По-итальянски я знала только «спасибо», «пожалуйста» и «добрый день», но поняла, что перед нами Гранд-канал. Только он не выглядел таким уж «гранд», то есть величественным. То есть, без всяких сомнений, он был широким, но дома на его противоположной стороне казались самыми обыкновенными. А еще он был грязным, да и достигавший моих ноздрей запах аппетитностью не отличался: пованивало сыростью с нотками лежалой рыбы и чего-то гниющего. Однако у меня не было особой возможности оглядеться, потому что нас немедленно стали осаждать носильщики. Я немного встревожилась, наблюдая, как они спорят на непонятном языке, хватают наши вещи и пытаются усадить нас в гондолу, не обращая внимания, хотим мы этого или нет. Но, как призналась тетушка Гортензия, выбора все равно не было: запихнуть весь свой багаж в один из водных трамвайчиков, которые тут называют «вапоретто», мы бы просто не смогли. Конечно, я пришла в восторг, оказавшись в гондоле, пусть даже правил ею не молодой итальянец, распевающий любовные песни, а довольно-таки мрачный с лица толстопузый тип.

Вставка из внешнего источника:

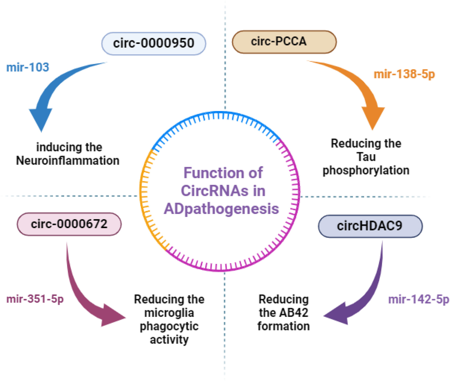 Alzheimer's disease is a progressive neurodegenerative disorder that primarily affects memory, thinking, and behavior (Levites et al., 2023). It is the most common form of dementia, accounting for 60%−80% of cases. As the population ages, the prevalence of Alzheimer's disease continues to rise, becoming a significant public health concern (Levites et al., 2023). While the exact causes of Alzheimer's are still not fully understood, research into genetic, environmental, and cellular factors has illuminated some pathways that might contribute to the onset and progression of this disease (Husain et al., 2021). The majority of research on neurodegenerative diseases has concentrated on the roles of circRNAs in AD (Mo et al., 2020), based on its impact on global public health. In general, patients with AD experience intellectual disabilities and memory loss (Mo et al., 2020). The development of Aβ-42 plaques, neurofibrillary tangles (NFTs) made of hyperphosphorylated tau protein, and neuroinflammation brought on by the activation of microglia cells are the main pathological features of AD (Congdon and Sigurdsson, 2018; Bălaşa et al., 2020). Nemour studies showed that circRNAs directly contribute to the pathology and progression of AD by controlling the brain's inflammatory responses, tau protein accumulation, and Aβ metabolism (Fang et al., 2018; Dolinar et al., 2019).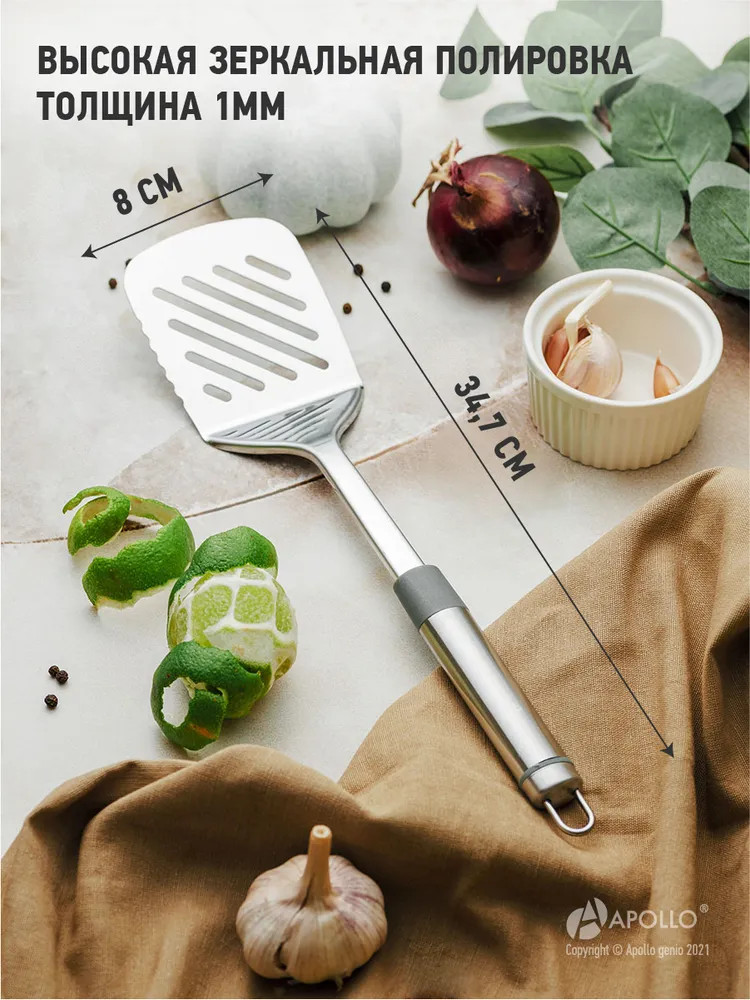 Apollo Лопатка перфорированная «Tesoro»качество стали удобная ручка качество товара В данный момент этот товар отсутствует в продаже. Возможно, у нас найдется аналогичный или похожий товар здесь. Серия: Tesoro Лопатка предназначена для перемешивания и переворачивания продуктов в процессе жарки или тушения, а также подачи готовых блюд. Прорези на лопатке позволяют стекать излишкам масла, соуса или жидкостей. Изделие имеет петлю для подвешивания в любое место на кухне. |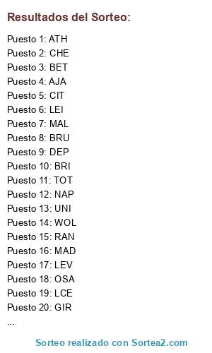 Lista de participantes: BRI, RED, LCE, ARS, LEV, CHE, DOR, VAL, VIL, WUH, BRU, RAN, MAR, UNI, BAR, AJA, PAU, PSG, BAY, RAY, MAL, DEP, ESP, GIR, OSA, BET, CEL, CIT, SEO, LEI, LED, NAP, ROM, VIG, TOT, MAD, WAT, WOL, SHE, ATH.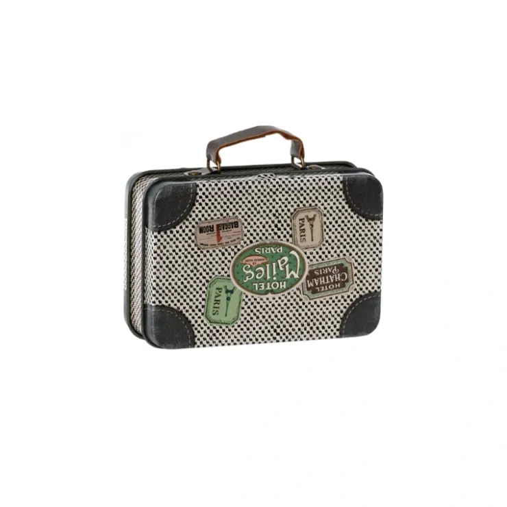 This metal suitcase from Maileg, thesmall travel off-white suitcase, is perfect for storing small items like jewelry or trinkets, or gifting small gifts and gift cards. The suitcase is adorned with colorful travel stamps, making it both stylish and unique. With its durable material and design, this piece ensures a safe place to store and organize your items.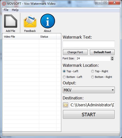 Vov Watermark Video可以在视频文件中插入任何文本,无论是哪个位置,支持拖放文件。您可以更改目标文件夹。默认的目标文件夹是桌面文件夹。支持的输入和输出文件类型有MP4、MKV、AVI、MPEG、MOV、WMV和FLV。如果你想简单的在视频添加你的作者名字,可以试试Vov Watermark Video

После излучины Гранд-канал действительно стал до невозможности величественным. По обе стороны от нас возвышались потрясающие дворцы с арочными мавританскими окнами — облицованные мрамором либо окрашенные во всевозможные оттенки розового цвета. Это выглядело совершенно сюрреалистично, будто здания плывут по воде, — мне даже захотелось немедленно вытащить свой альбом для набросков. Очень хорошо, что я этого не сделала: движение на канале было оживленным, и наша гондола начала пугающе раскачиваться. Гондольер что-то пробормотал — скорее всего, какое-нибудь грубое венецианское ругательство.

Для лодчонки с одним веслом мы шли довольно резво, но канал казался до ужаса длинным.

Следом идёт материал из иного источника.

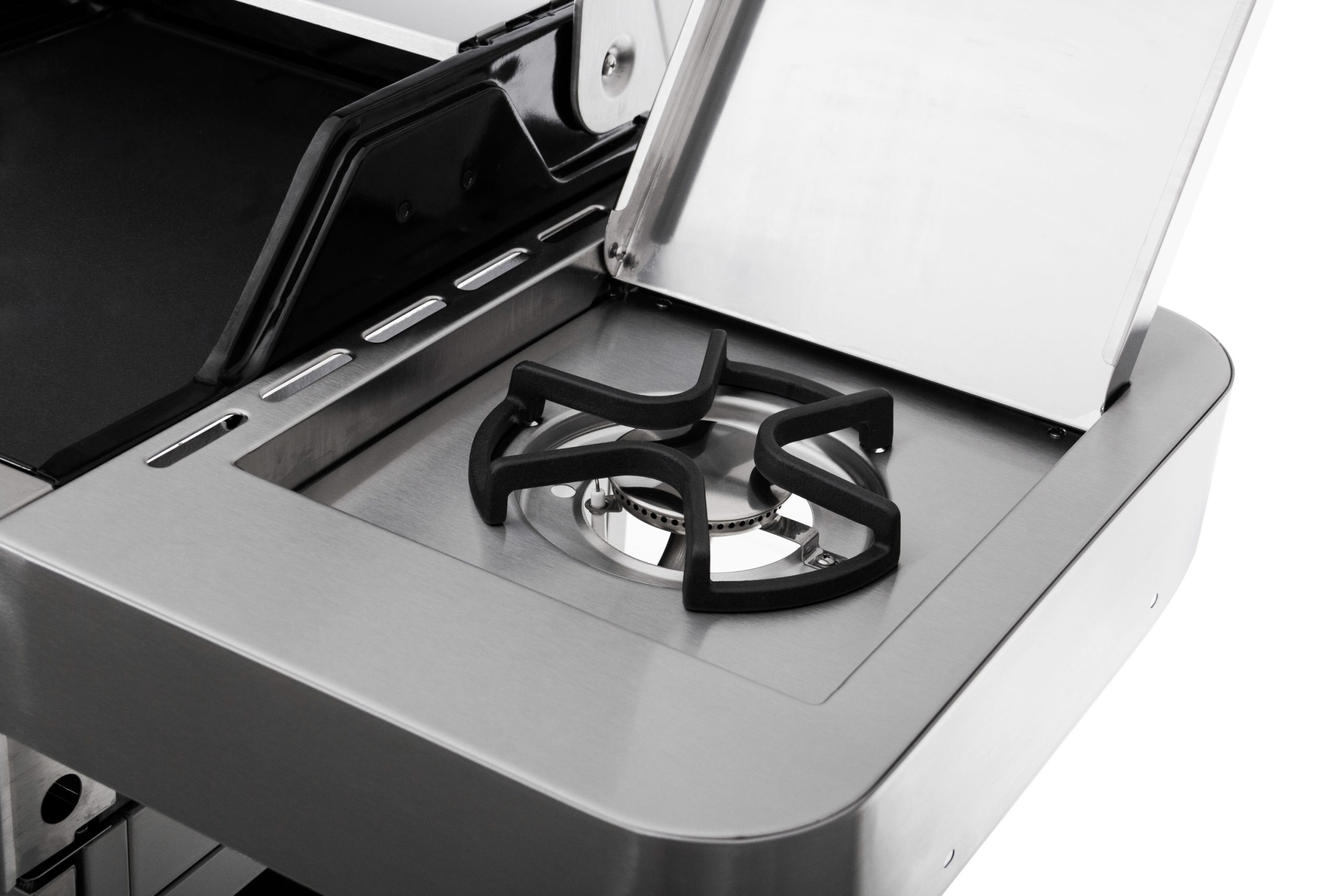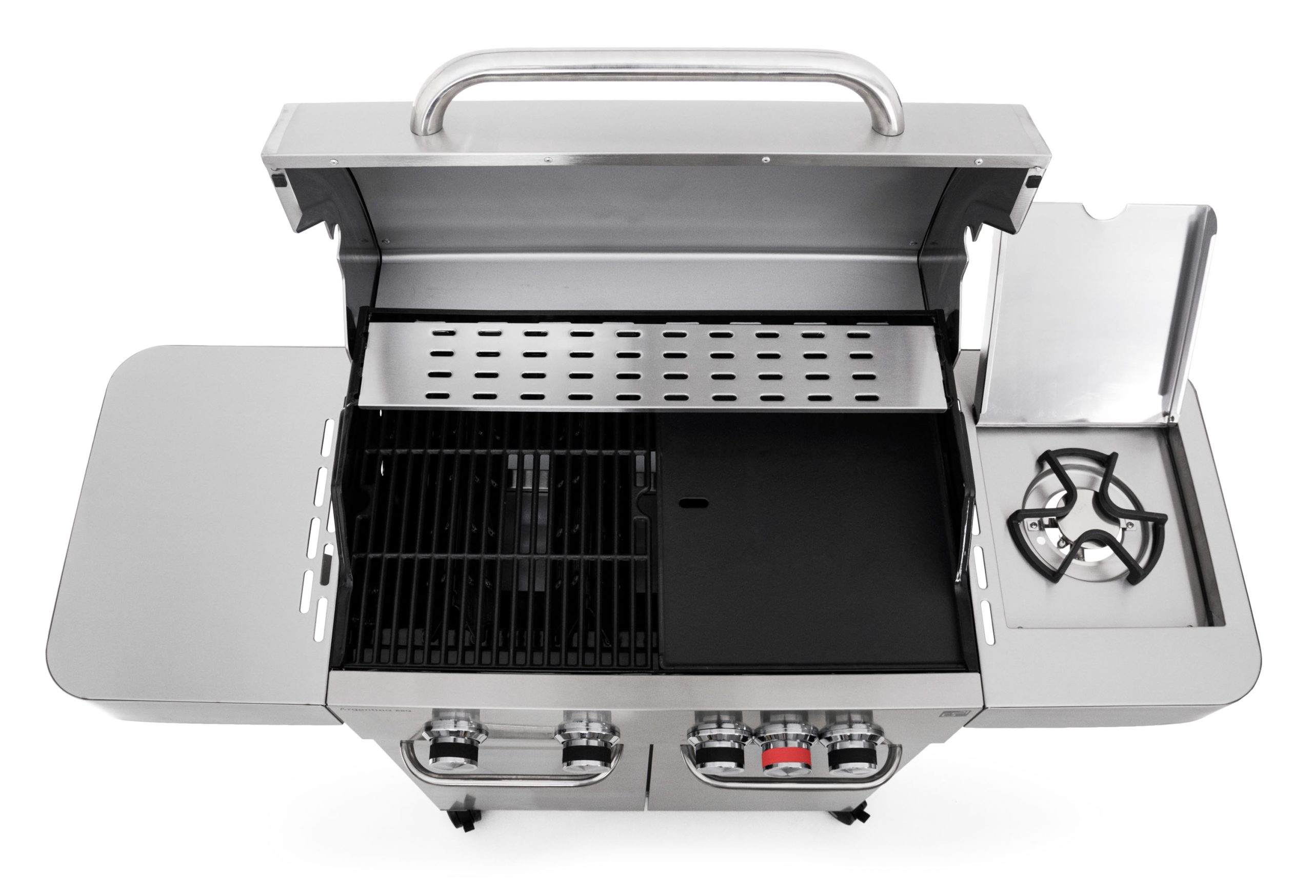 Igen, a G21 Argentina gázgrill nem csak négy fő grillező fejjel rendelkezik, hanem egy oldalsó égőfejjel is. Megtalálja a fedél alatt az oldalsó tároló felületek egyikén és használhatja sütésre, főzésre, például a köret elkészítésére serpenyőn vagy melegítésre.

— Ecco il Ponte di Rialto![2] — воскликнула тетя Гортензия, показывая на мост, высокой аркой взметнувшийся впереди над каналом. Казалось, он не падает только по волшебству, а еще на нем вроде бы находилась какая-то постройка; когда мы приблизились, она подмигнула нам на послеполуденном солнце рядом окон. Мне стало любопытно, не станет ли теперь тетя Го разговаривать исключительно по-итальянски. Если так, нам предстоят достаточно односторонние беседы.

Однако этот страх испарился, когда она извлекла свой путеводитель и принялась информировать меня о каждом здании, мимо которого мы проплывали:

— Слева палаццо Барзицца, обрати внимание на его фасад тринадцатого века. А вон тот большой дом — палаццо Мочениго, там когда-то останавливался лорд Байрон…

Это продолжалось, пока от своего причала не отошел переполненный вапоретто. Наша лодка опять закачалась, и тетя чуть не упустила книжку в мутные глубины.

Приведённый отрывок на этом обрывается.